▸ **ENTRIES PROVIDED**

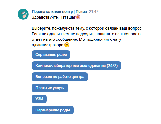 Чат-бот: подписчики сообщества получают оперативные ответы на сообщения, удалось оптимизировать рабочее время менеджеров.
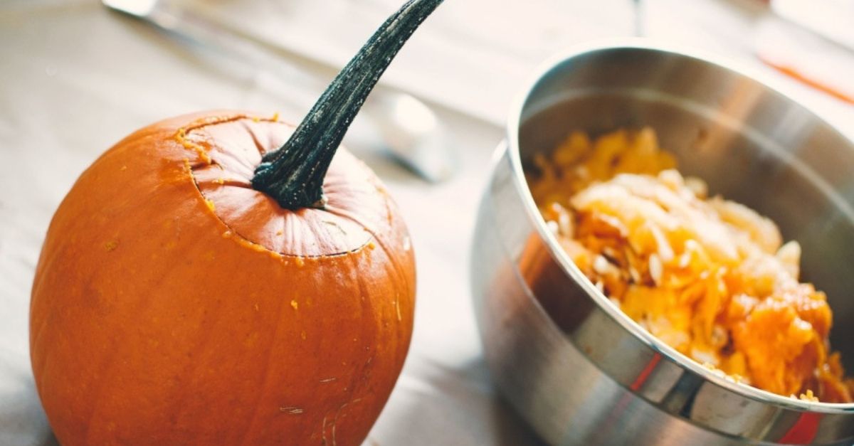 1. Abre la calabaza en la parte superior haciendo una tapa. Con una cuchara, retira las semillas y guárdelas para otro propósito (hornear y preparar bocadillos). Retira parte de la pulpa, dejándola en los bordes, y reserva.
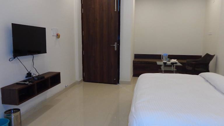 Das Rukmani Inn in Vrindāvan, Uttar Pradesh, ist eine ideale Unterkunft für Reisende, die die Region erkunden möchten. Mit einer Terrasse, einer 24-Stunden-Rezeption und kostenfreiem WLAN bietet das Hotel alle Annehmlichkeiten, die Sie für einen angenehmen Aufenthalt benötigen. Die Zimmer sind komfortabel eingerichtet und verfügen über eine Klimaanlage und einen Flachbild-TV. Einige Zimmer bieten zudem einen Balkon. Der Flughafen Agra ist nur 66 km entfernt, was das Hotel auch für internationale Gäste leicht erreichbar macht.
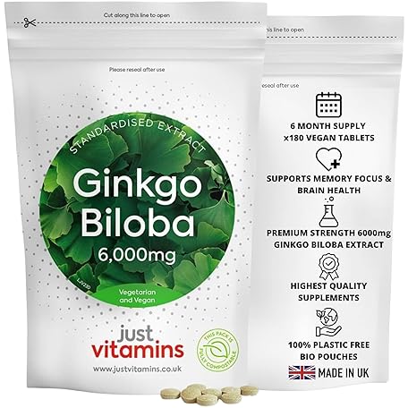 Ginkgo Biloba High Strength 6000mg | 180 Vegan Tablets | Supports Memory, Focus & Circulation | Brain Health & Cognitive Function | Non-GMO | UK Made - Just Vitamins
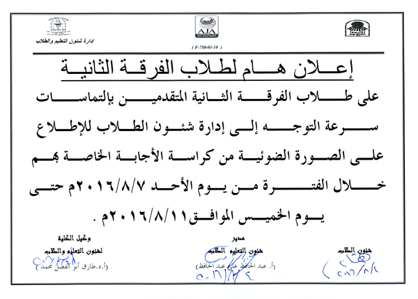هام لطلاب الفرقة الثانية المتقدمين بإلتماسات للإطلاع علي صورة ضوئية من كراسة الإجابة. 4 أغسطس 2016 هام لطلاب الفرقة الثانية المتقدمين بإلتماسات للإطلاع علي صورة ضوئية من كراسة الإجابة.
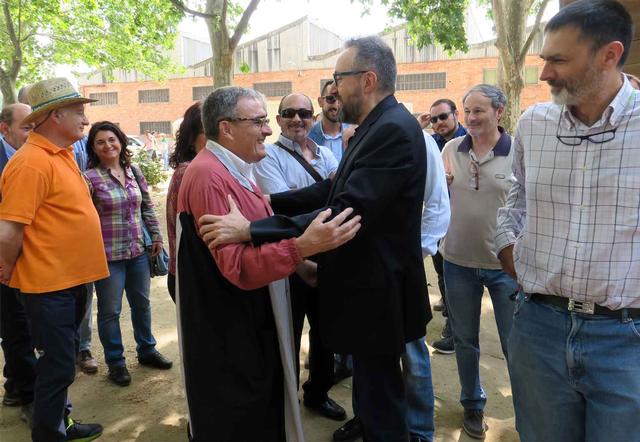 Tot seguit, el paer en cap també ha saludat al diputat al Congrés d’En Comú Podem i dirigent d’Iniciativa per Catalunya, Josep Vendrell, i a la senadora parlamentària de Catalunya Sí que es Pot, Sara Vila, que acabaven d’arribar a l’Aplec.
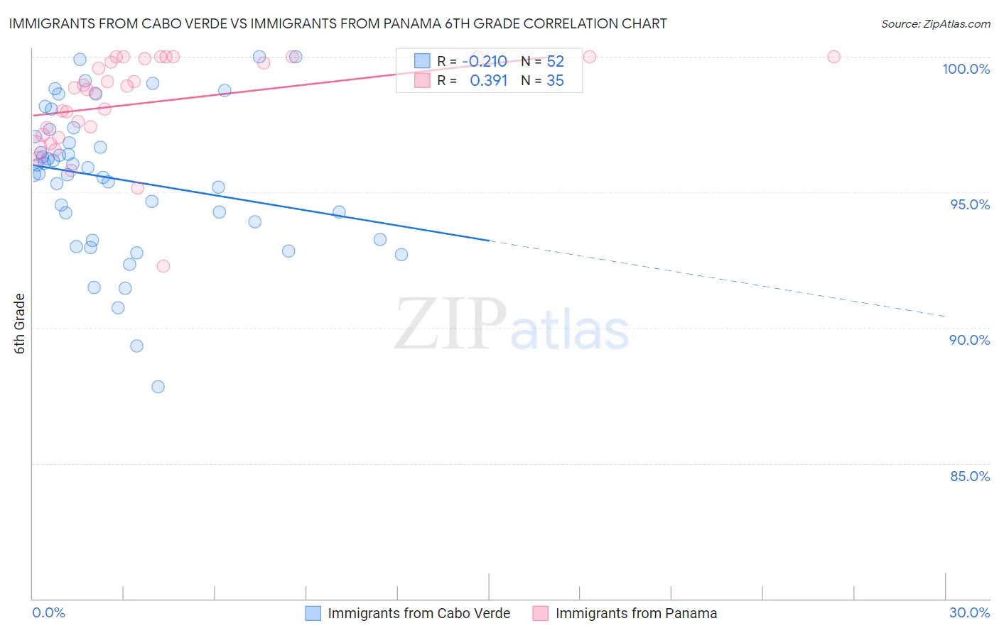 Immigrants from Cabo Verde vs Immigrants from Panama 6th Grade Correlation Chart
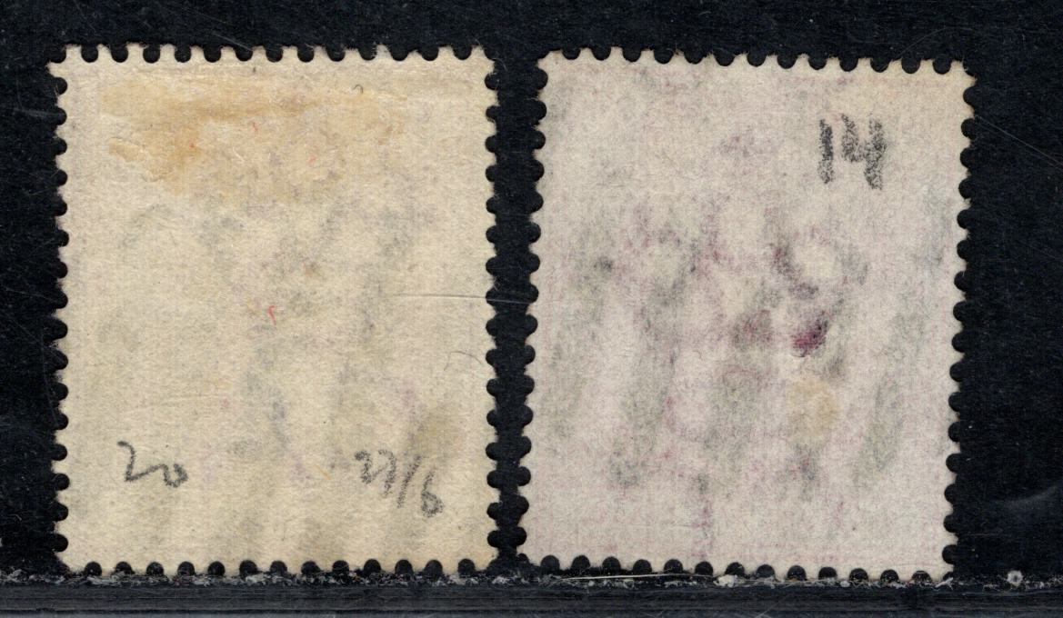 2 fine/very fine used singles of the 4d carmien rose & rose Queen Victoria from the 1876-1879 Queen Victoria Keyplates Issue crown cc wmk, comb perf 14, november 1880 printing.
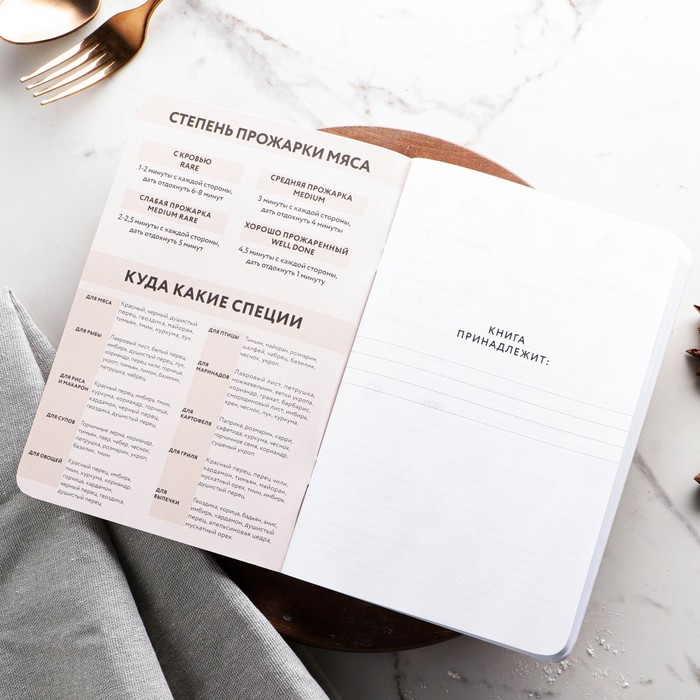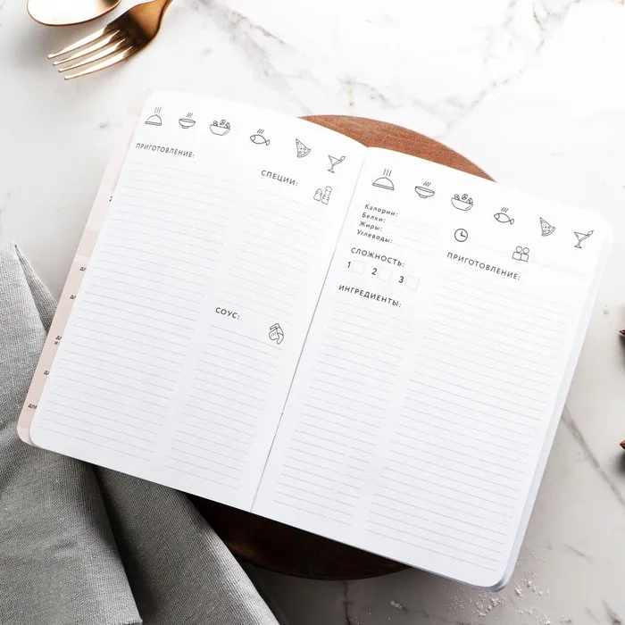 Блокнот для записи рецептов - Отличный помощник на кухне, он всегда будет под рукой, в отличие от любых электронных аналогов. Записи позволят не забыть про удачный рецепт, который снова захотите повторить. Для удобства использования, вы можете отмечать сложность, время приготовления, где готовится и количество порций, для каждого рецепта, а так же записывать весь процесс приготовления. А универсальный формат, не займет много места на вашей кухне.

▸ **WORK REQUIRED**
Hand back the exact lines from the start of the entries to the line with "Ginkgo Biloba High", both ends kept and pictures left out.

▸ **FINISHED EXERCISE**
 Чат-бот: подписчики сообщества получают оперативные ответы на сообщения, удалось оптимизировать рабочее время менеджеров.
 1. Abre la calabaza en la parte superior haciendo una tapa. Con una cuchara, retira las semillas y guárdelas para otro propósito (hornear y preparar bocadillos). Retira parte de la pulpa, dejándola en los bordes, y reserva.
 Das Rukmani Inn in Vrindāvan, Uttar Pradesh, ist eine ideale Unterkunft für Reisende, die die Region erkunden möchten. Mit einer Terrasse, einer 24-Stunden-Rezeption und kostenfreiem WLAN bietet das Hotel alle Annehmlichkeiten, die Sie für einen angenehmen Aufenthalt benötigen. Die Zimmer sind komfortabel eingerichtet und verfügen über eine Klimaanlage und einen Flachbild-TV. Einige Zimmer bieten zudem einen Balkon. Der Flughafen Agra ist nur 66 km entfernt, was das Hotel auch für internationale Gäste leicht erreichbar macht.
 Ginkgo Biloba High Strength 6000mg | 180 Vegan Tablets | Supports Memory, Focus & Circulation | Brain Health & Cognitive Function | Non-GMO | UK Made - Just Vitamins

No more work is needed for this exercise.